Providing Variable Values

Method 1: Command line

terraform apply -var="environment=production" -var="instance_type=t2.medium"

Method 2: terraform.tfvars file

# terraform.tfvars
environment    = "production"
instance_type  = "t2.medium"
instance_count = 3

Method 3: Environment-specific files

# prod.tfvars
environment    = "production"
instance_type  = "t2.large"
instance_count = 5
# dev.tfvars
environment    = "development"
instance_type  = "t2.micro"
instance_count = 1

And apply with a specific file

terraform apply -var-file=prod.tfvars

I maintain separate tfvars files for each environment (dev.tfvars, staging.tfvars, prod.tfvars) with the same variable structure but different values. Single codebase, multiple environments.

Sensitive Variables

variable "db_password" {
  description = "Database password"
  type        = string
  sensitive   = true
}

# Terraform will hide this value in output and logs

Never commit sensitive values to version control. Use environment variables or secret management tools.

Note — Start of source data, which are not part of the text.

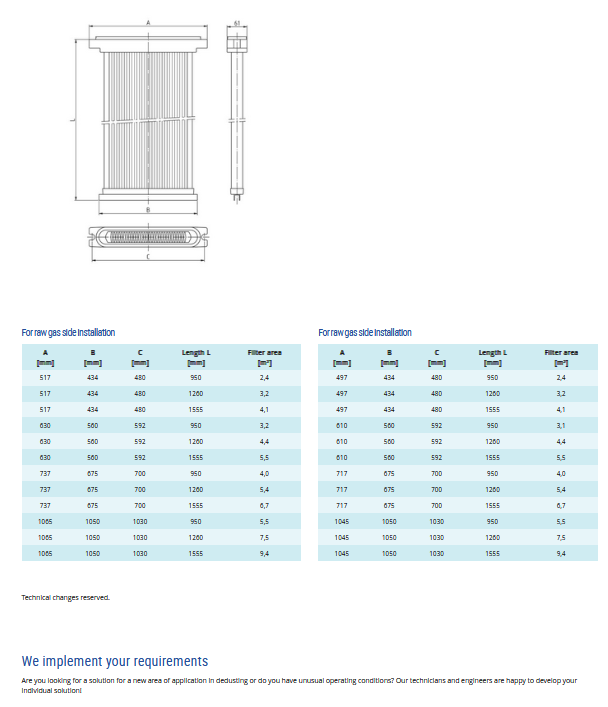 497 - 1065 mm Filter Panel: Low filter resistance. Very easy to clean. Filter media with coating or membrane.
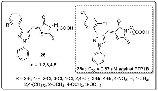 - Sun, L.; Wang, P.; Xu, L.; Gao, L.; Li, J.; Piao, H. Discovery of 1,3-diphenyl-1H-pyrazole derivatives containing rhodanine-3-alkanoic acid groups as potential PTP1B inhibitors. Bioorg. Med. Chem. Lett. 2019, 29, 1187–1193. [Google Scholar] [CrossRef]
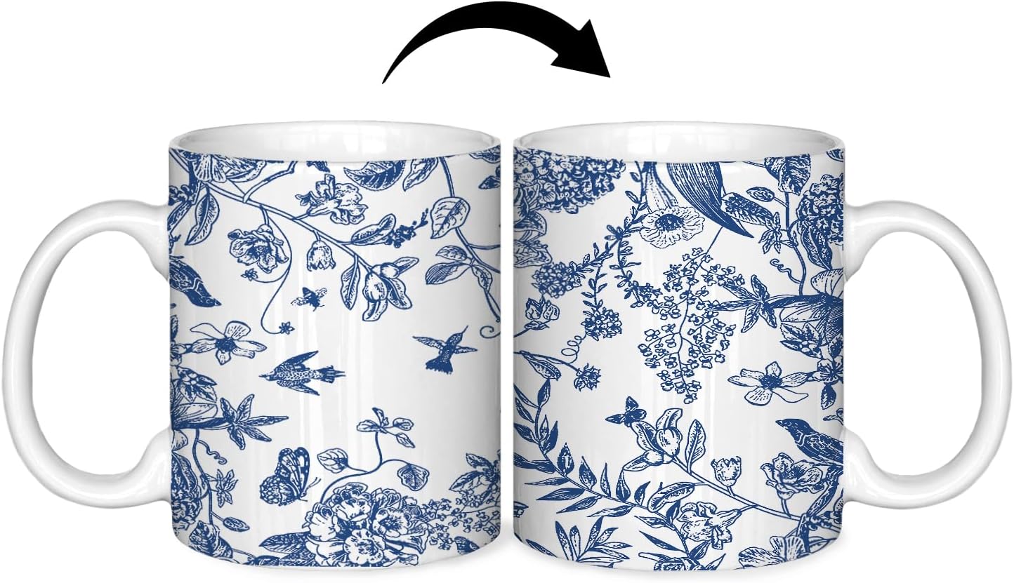 Blue and White Chinoiserie Mug, Vintage Blue Floral Coffee Mug, Chinoiserie Botanical Floral Bird Mug, Blue and White Ceramic Coffee Mug 11 oz
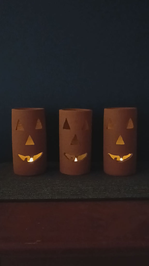 Terra Cotta Jack O' Lantern Votive Candle Holders - Tall
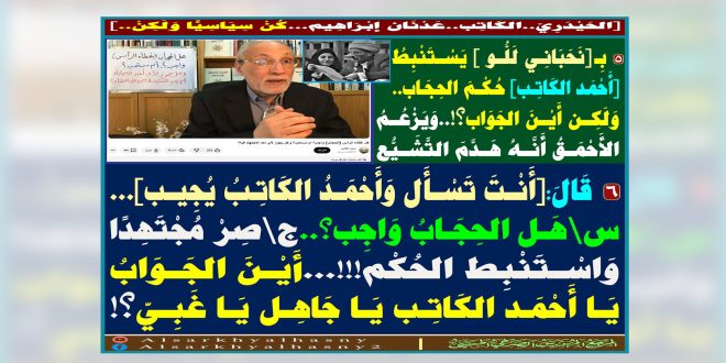 [5]:[بـِـ [نَحَبَانِي لَلُّو] يَسْتَنْبِطُ [أَحْمَد الكَاتِب] حُكْمَ الحِجَاب..وَلَكِن أَيْنَ الجَوَاب؟!..وَيَزْعُمُ الأَحْمَقُ أَنَّهُ هَدَّمَ التَّشَيُّع]
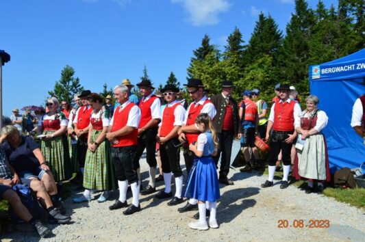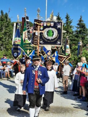 Die älteste Bergfeier des Bayerischen Waldes liege den Waidlern besonders am Herzen, attestierte der Präsident des Bayerischen Waldvereins, Sebastian Gruber. „Sind wir am heutigen Tag dankbar, demütig, freudvoll und auch stolz auf unsere Heimat.“ Es gehe bei der Arberkirchweih nicht um Volkstümelei, sondern um Bodenhaftung, ein Gespür für Kultur, Brauchtum, Natur, und alles, was sich an Innovationskraft daraus ableite. Die Staatsregierung unterstütze den Bayerischen Wald maßgeblich bei vielerlei Maßnahmen. „Was man mit Geld nicht bezahlen könne, ist der Zusammenhalt der Menschen“, betonte Gruber. Bekannt sei die Volksweise: „Wisst`s wo mein Hoamad is“. Darin heisse es, „viel schojne Platzerl gibt`s, aber Hoamad grad oane“. Möge von dieser Arberkirchweih Kraft, Zuversicht, Selbstbewusstsein, Stolz und Dankbarkeit ausgehen, wünschte sich Sebastian Gruber.
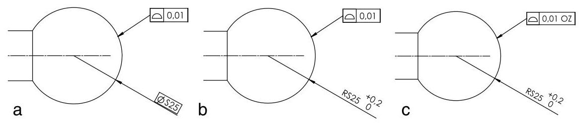 Fig. 10.15 Profile control on a spherical surface. The TEF of the toleranced feature should be defined with TEDs (a). The specification in (b) is ambiguous, since the nominal size of the TEF is not defined by a TED and there is only a \pm tolerance indicated for the size. In this case,the specification element OZ should always be indicated (c)
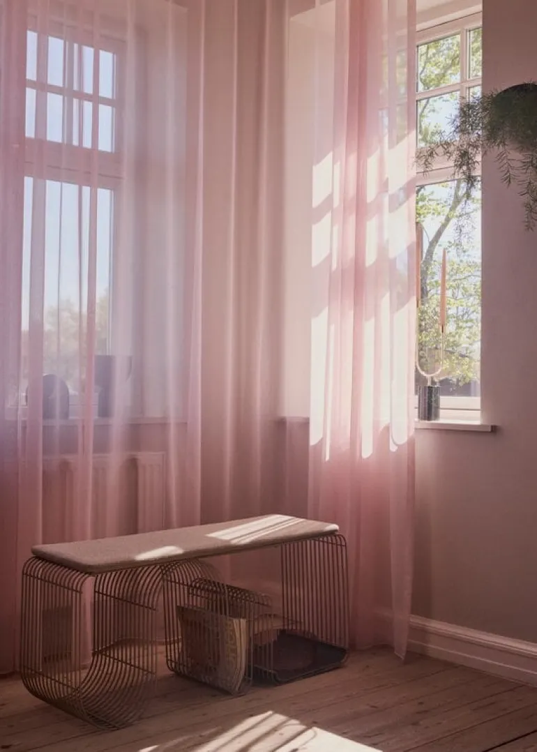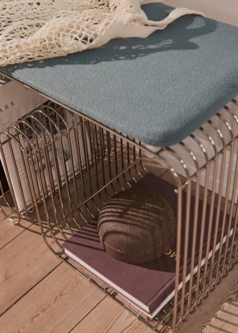The Curva bench by AYTM attracts the eye with its curvy shape and stylish metallic finish. Made of bent iron, the Curva is not only a strong and practical stool but also an expressive decorative object. The Curva bench makes a convenient hallway chair or practical extra seat in the living room, and its airy structure allows it to serve as a storage unit, too, with wavy lines that can hold books, shoes or houseplants.

6. Outputs: Extracting Information

Outputs let you extract information from Terraform to use elsewhere. Essential for connecting different parts of your infrastructure.

Basic Output Syntax

# outputs.tf
output "instance_public_ip" {
  description = "Public IP of the web server"
  value       = aws_instance.web.public_ip
}

output "database_endpoint" {
  description = "Database connection endpoint"
  value       = aws_db_instance.postgres.endpoint
  sensitive   = true
}
output "security_group_id" {
  description = "ID of the web security group"
  value       = aws_security_group.web_sg.id
}

Viewing Outputs

# Apply and see outputs automatically
terraform apply

# Query specific output
terraform output instance_public_ip

# Get outputs in JSON format
terraform output -json

# Use in scripts
PUBLIC_IP=$(terraform output -raw instance_public_ip)
echo "Connect to server: ssh ubuntu@$PUBLIC_IP"

Complex Output Examples

# List of instance IPs
output "instance_ips" {
  value = aws_instance.web[*].public_ip
}

# Map of instance names to IPs
output "instance_map" {
  value = {
    for instance in aws_instance.web :
    instance.tags.Name => instance.public_ip
  }
}
# Formatted connection string
output "db_connection_string" {
  value     = "postgresql://${aws_db_instance.postgres.username}@${aws_db_instance.postgres.endpoint}/${aws_db_instance.postgres.db_name}"
  sensitive = true
}

I created a VPC infrastructure with Terraform, outputted subnet IDs. Used those outputs as input variables in another Terraform project deploying applications.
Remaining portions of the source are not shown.